A similar processes was used to check on reliability of quiddity parameters (using 76 period completely)

The introduction of groups and you may good pilot accuracy attempt endured 3 days, during which date the new codebook are modified once or twice. So you can shot accuracy, several programmers (scholar students) alone coded a group from 100 randomly chosen meme circumstances (on ten% of one’s decide to try). The fresh new agreement rates is actually looked at using the Krippendorff ( 2004b ) decide to try, with .66 given that minimum get to just accept an adjustable because necessary (Krippendorff, 2004a ). Eventually, a couple of variables, subculture (content) and you may photo number (form) obtained an inadequate get, and was indeed taken from the latest codebook, leaving forty eight parameters into genuine coding (Discover but in addition for the entire codebook of simple functions when you look at the our data). After reliability is established, the rest of the attempt are split up between them programmers.

System investigation

I working community study processes (Barabasi & Frangos, 2002 ; Newman, Barabasi, & Watts, 2006 ) to help you map the content, participation, and function similarities between meme occasions as well as their cohesiveness. Our very own stars regarding community had been the fresh meme instances, and their undirected links was indeed the common content, participation, and site de rencontre pour agriculteurs aux usa you will setting qualities. Such as, when the meme times A beneficial and you may B display around three simple qualities in preferred, its tie manage lbs three. I created three independent undirected channels to have articles, means, and contribution, in addition to a system that combines every issue with her. The latter stands for the overall distance certainly one of meme occasions in our attempt.

Network analysis enabled distinguishing the essential central meme period, to put it differently, people who shared the greatest quantity of blogs, involvement, and you can means functions with individuals, as well as individuals who was in fact so much more peripheral, and thus got unique or rare functions ( ). While doing so, looking at the general build of your community, we could select clusters out of meme times with a high cohesiveness from content, participation, and you may function. We could up coming evaluate hence meme family members have been far more cohesive than simply someone else and you will show the web link between general qualities and you may nearest and dearest cohesiveness.

Measuring the fresh new cohesiveness off meme group

Structural cohesion inside the networking sites enjoys some dimensions (White & Harary, 2001 ). I chose the most simple you to, and you may compared brand new connections one of instances of the same family with connections outside the family unit members. The newest cohesiveness changeable was created to mention to what the total amount meme era were just like other occasions regarding the exact same family from inside the terms of simple posts, involvement, and you can form. Earliest, i computed the fresh system training (Barabasi & Frangos, 2002 ; Newman, Barabasi, & Watts, 2006 ) each and every meme particularly, i.e., the number of popular content, participation, and you can form characteristics this distributed to other days in the exact same friends sufficient reason for period from other household.

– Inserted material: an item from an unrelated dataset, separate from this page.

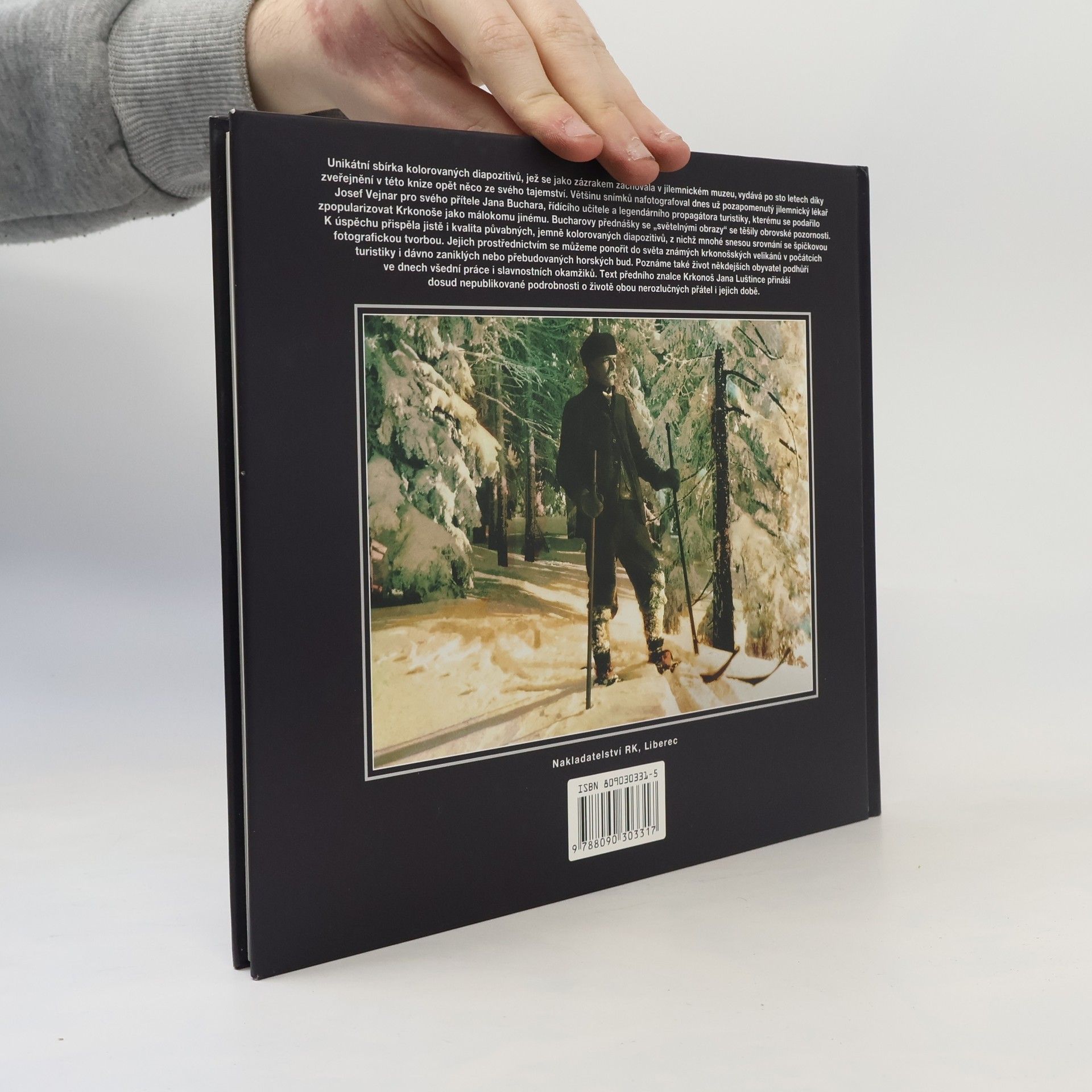 Unikátní sbírka kolorovaných diapozitivů, jež se jako zázrakem zachovala v jilemnickém muzeu, vydává po sto letech díky zveřejnění v této knize opět něco ze svého tajemství. Řídící učitel Jan Buchar, velký propagátor turistiky, uspořádal několik stovek přednášek se "světelnými obrazy", které pro něj nafotografoval dnes pozapomenutý přítel, jilemnický lékař Josef Vejnar. Prostřednictvím půvabných, jemně kolorovaných diapozitivů se před námi rozprostře svět známých krkonošských velikánů, které dobře poznáváme i po sto letech, ale také dávno zaniklých nebo přebudovaných horských bud i dnes již k nepoznání změněných obcí a městeček v údolí pod horami. Nahlédneme také do života někdejších horalů ve dnech všední práce i slavnostních okamžiků. Čtivý a zasvěcený text přináší dosud nepublikované podrobnosti o počátcích české organizované turistiky a lyžování i o životě legendárního propagátora českého severu Jana Buchara a jeho přátel. Knihu napsal přední znalec historie Krkonoš a ředitel muzea v Jilemnici Dr. Jan Luštinec.
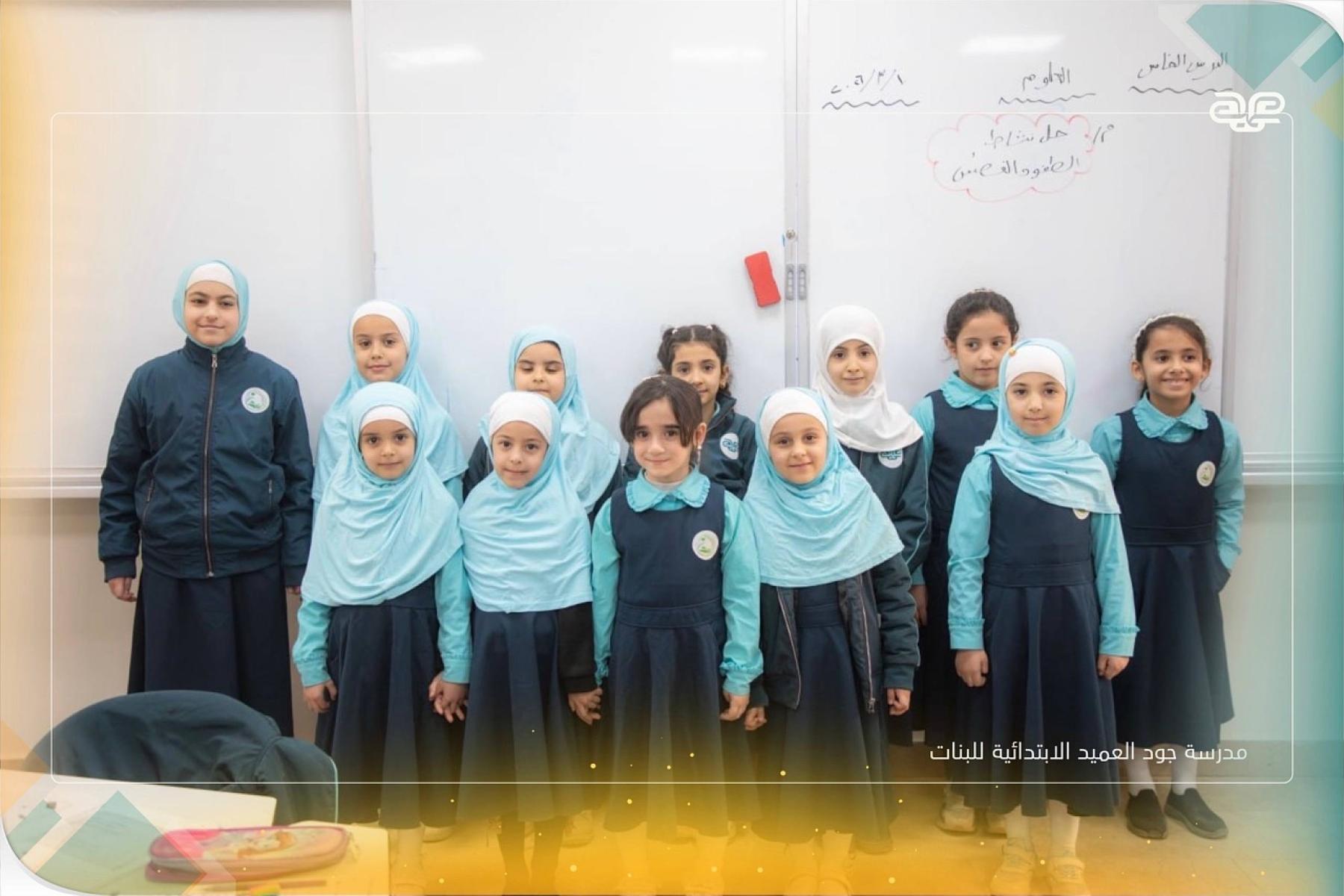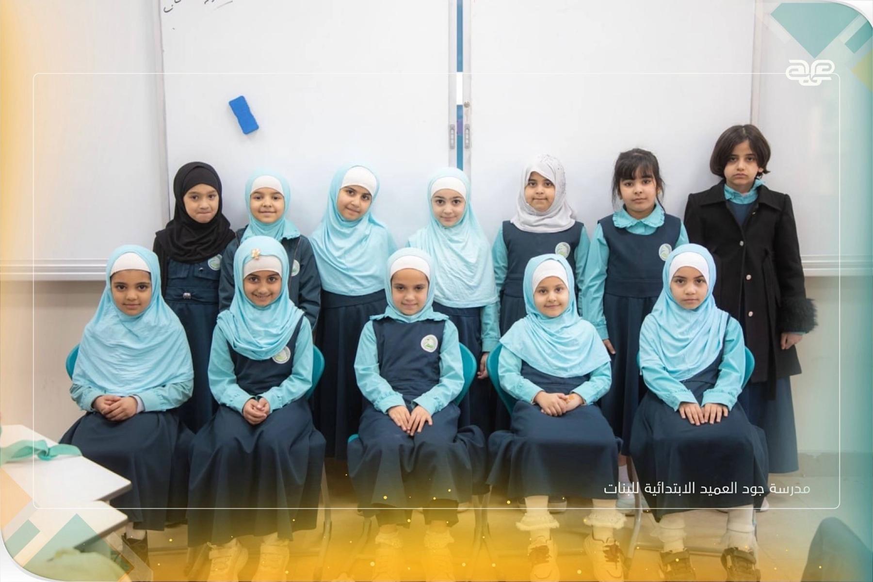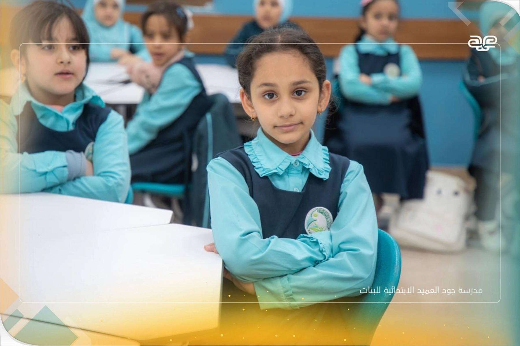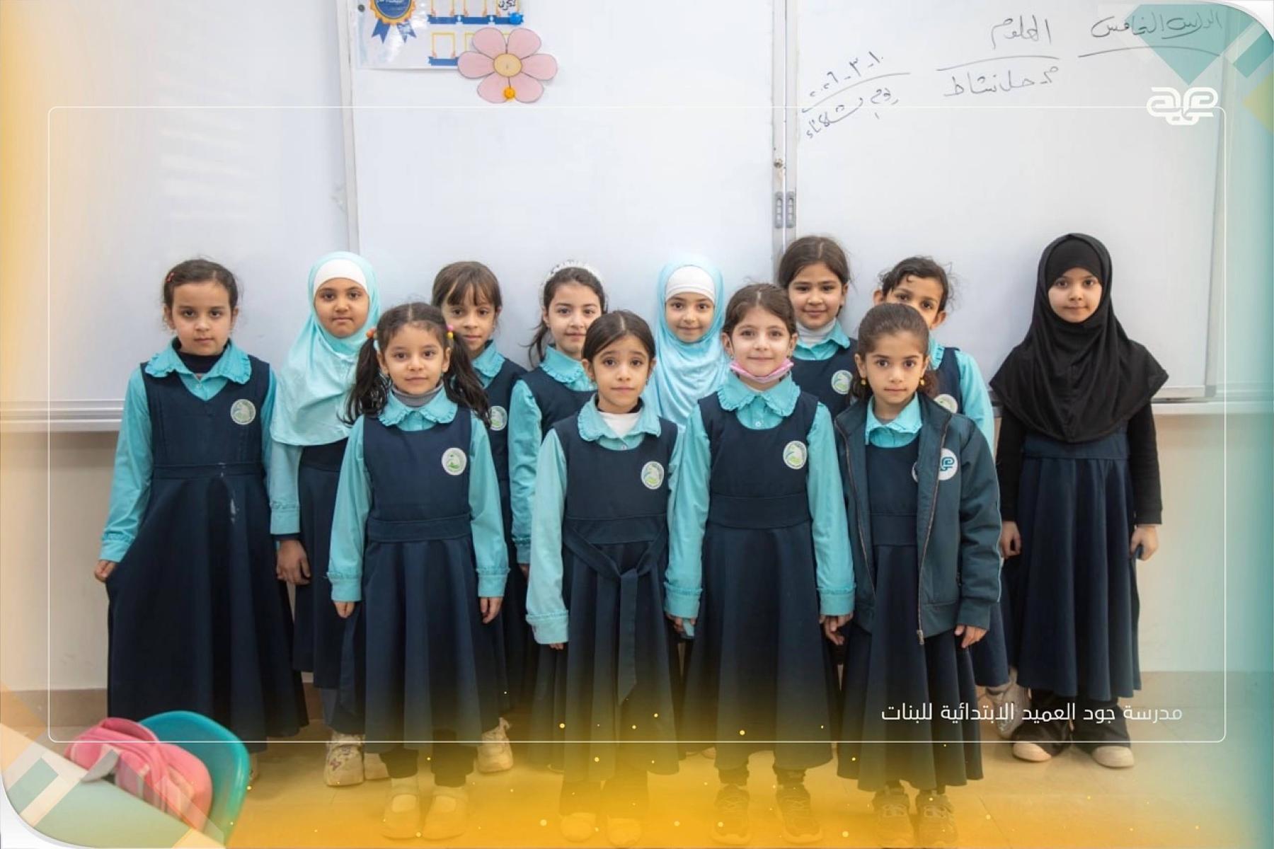 متعلمات مدرسة جود العميد الابتدائية للبنات في إطلالة تعليمية مميزة تجمع بين العلم والوعي، في يومٍ دراسي يفيض بالبسمة والنجاح وروح المثابرة.

Following, for every of the fifty meme group in our sample, we determined the fresh imply amount of preferred attributes the circumstances shared within this and beyond your family unit members. In the end, the fresh cohesiveness variable is actually recognized as the difference regarding imply amount of preferred attributes in this and you may outside a good meme friends.

Computing the newest individuality out of meme household

The new dimension from individuality level was designed to speak about how book a great meme household members was a student in regards to the simple articles, involvement, and you can form properties. To put it differently, uniqueness top mirrored the new pit between your common features of a good meme family members and traditional (the most used universal functions about entire decide to try). Very first, i calculated the latest part of stuff, participation, and you can form features within the per family; next, i computed this new part of for every trait on entire decide to try; finally, per meme family, i calculated the newest square root of your own sum of this new rectangular differences between the 2 (as in the algorithm to have simple departure). It was standard so you’re able to include 0 and step one, where step one signifies the number one individuality out-of a good meme nearest and dearest during the terms of its general attributes.